The Riverview High graduate served in the Sarasota County Fire Department from 2013 to 2021, after earning his Marketing degree at the University of Central Florida and serving eight years in the National Guard. He also chaired the city’s Planning Board and knows the ins and outs at Sarasota City Hall.

He’s one of six candidates running for two at-large seats on the City Commission, and comes into the race with a working understanding of some of the most critical political issues in the city. 

Like many candidates, he has some gripes with a recent comprehensive plan amendment. “As a Planning Board member, I was not happy we were not including specific language as it relates to affordable or attainable housing, whichever term you want to use,” he said. “If you want to make sure you have the right mix of attainable housing, that must be in place in the comprehensive plan.”
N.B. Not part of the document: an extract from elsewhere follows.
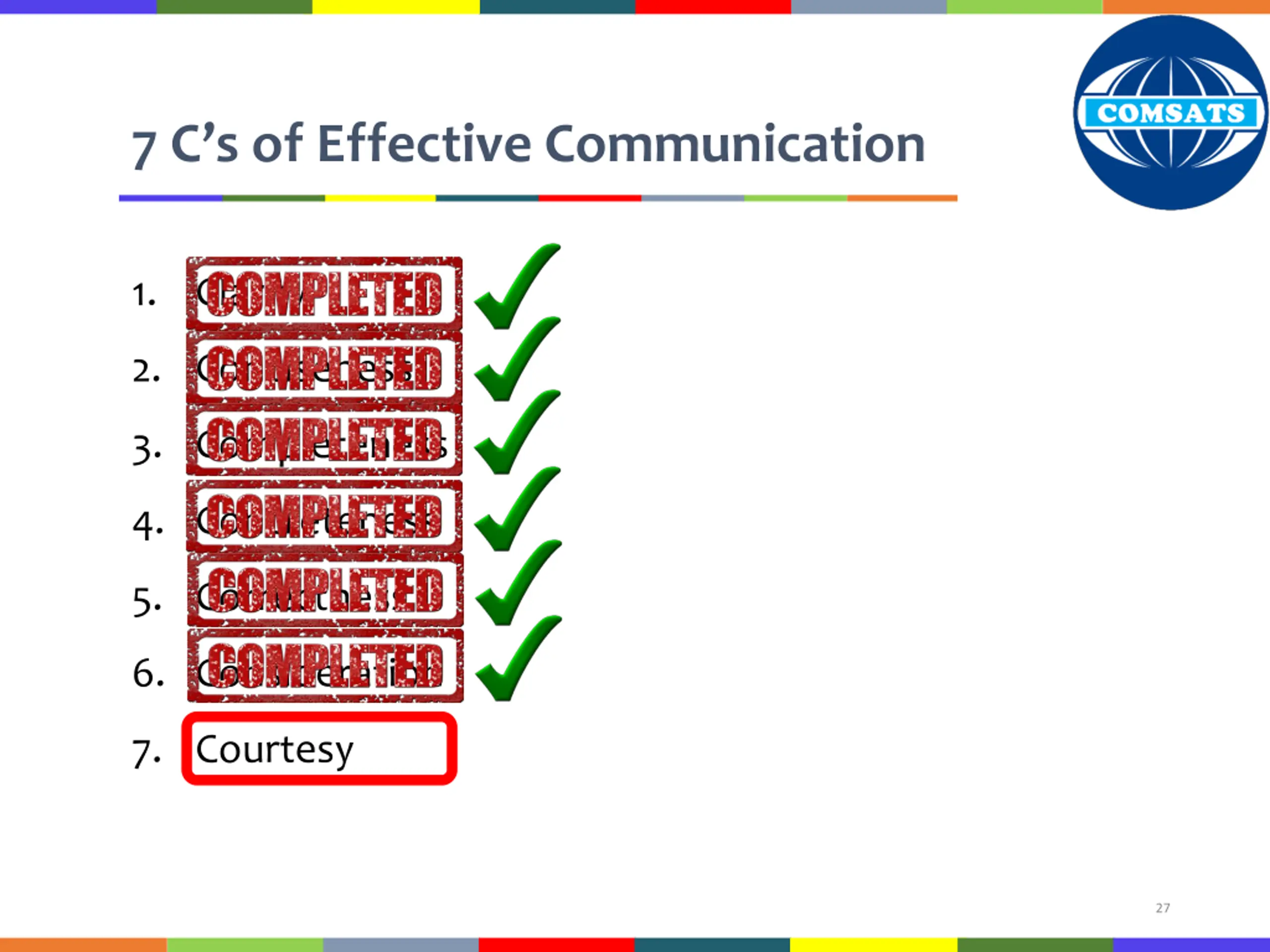 7 Cs of Effective Communication 1. Clarity 2. Conciseness 3. Completeness 4. Concreteness 5. Correctness 6. Consideration 7. Courtesy 27

He's also not thrilled with a push away from hearings in from of the Planning Board and City Commission as the city shifts to broader use of administrative review. That’s in part because he thinks any developer seeking a zoning change in effect enters a negotiation with the city regarding the needs of the public.

“It is in the citizens of Sarasota’s best interest to negotiate to obtain attainable house, which will result in more mixed use,” he said. “That will mean commercial and residential, but also a mix of income levels, with some lower and some higher end housing. That is more inline with the national standard which HUD (U.S. Housing and Urban Development) has put out. You don’t want low-income neighborhoods and high-income neighborhoods. You want mixed neighborhoods.”

Salem has stressed his background growing up in poverty and now running T. Salem Housing, dealing in part in Section 8 housing much like that where his family grew up and eventually prospered. That, too, sets him apart as a candidate in the running, he said.

“Sarasotans should be honored as many candidates as we have entered into this race,” he said. “We have people working and taking civic obligations vert seriously, and that is commendable in my eyes. But it is not hard to see, as far as the east is from the west, there is no other candidate that brings the city of Sarasota the life experiences I have, as well as the diverse background in various aspects of life.”

Salem faces Jennifer Ahearn-Koch, Dan Lobeck, Sheldon Rich, Carl Shoffstall and Debbie Trice in the Aug. 23 election. The top three vote-getters advance to a November election.